Many organizations lack comprehensive workforce strategies and centralized systems through which to view, manage, and forecast mixed employment patterns. Organizational culture could suffer if not managed properly when teams include physically dispersed people and a variety of employee types (full-time, part-time, work). Pay equity is also more difficult to manage when compensation is managed in a variety of markets.

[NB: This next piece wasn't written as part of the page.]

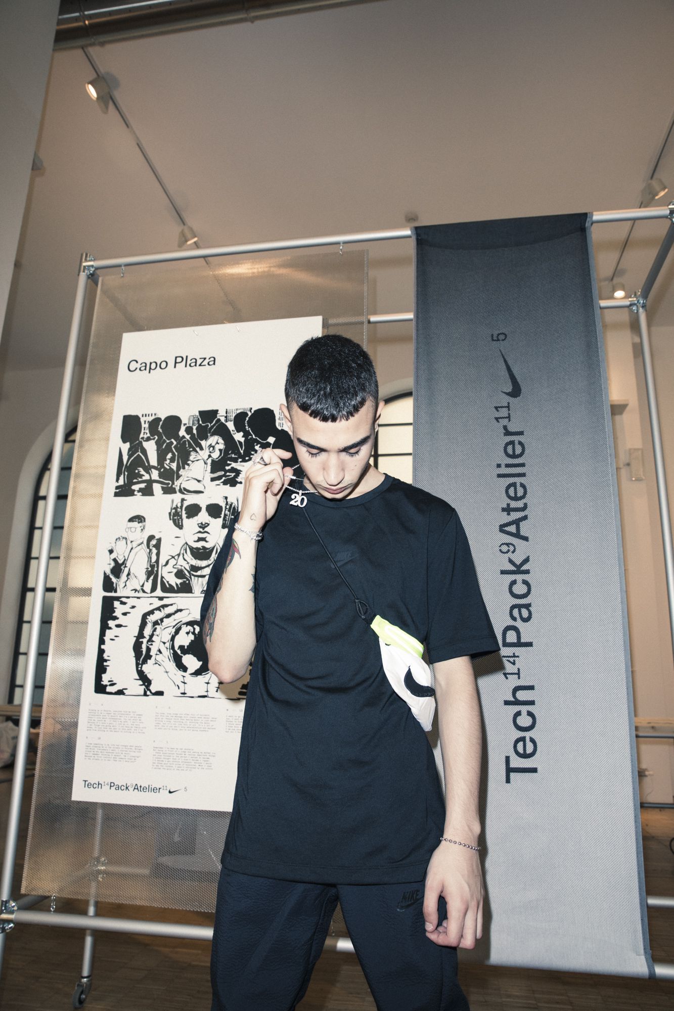 All’atelier di Nike Tech Pack hanno partecipato come protagonisti tre talent davvero speciali: il team di One Block Down, il calciatore Federico Bernardeschi e la nuova promessa della trap, Capo Plaza. Tutti i protagonisti sono stati abbinati ad un creator per realizzare i loro capi customizzati di Tech Pack, che fanno riferimento al tema del codice crittografico menzionato nel nostro recap sull'atelier, in ordine: la designer Mini Swoosh, la stylist Valeria Semushina e la fotografa Virginia Arcaro. Ciascuna coppia ha creato un pezzo completamente unico progettato per l'occasione.

Example 3. Environmental trend: digitally enabled sustainability

strategic assumption

By 2030, digital information and technology can help reduce greenhouse gases (GHGs) by 15%.

What's going on?

Digitally enabled sustainability involves data, technology and operations to reduce greenhouse gases. The complexity of environmental sustainability data sets and the insights required means that organizations are moving from a spreadsheet data collection baseline to using more sophisticated tools such as Artificial Intelligence, Internet of Things (IoT) and machine learning (ML). Digital helps promote sustainability beyond regulatory compliance towards new products and the performance of ecosystems across industries and sectors.

What can be seen already?

  • La Royal Society estimates that digital aspects can account for a third of the reduction in GHG in the UK by 2030.
  • The digital twins they can increase the performance of wind farms by 20%.


Opportunities

Executives can leverage existing digital technology platforms: AI, IoT, mobile, blockchain, and other digital technologies can help drive significant improvements in business sustainability performance and create new growth opportunities.

Risks

Digital businesses can damage sustainability. For example, the carbon footprint of training even when AI is substantial. Additionally, digital business and sustainability are often treated as separate transformations, potentially reducing the impact of both.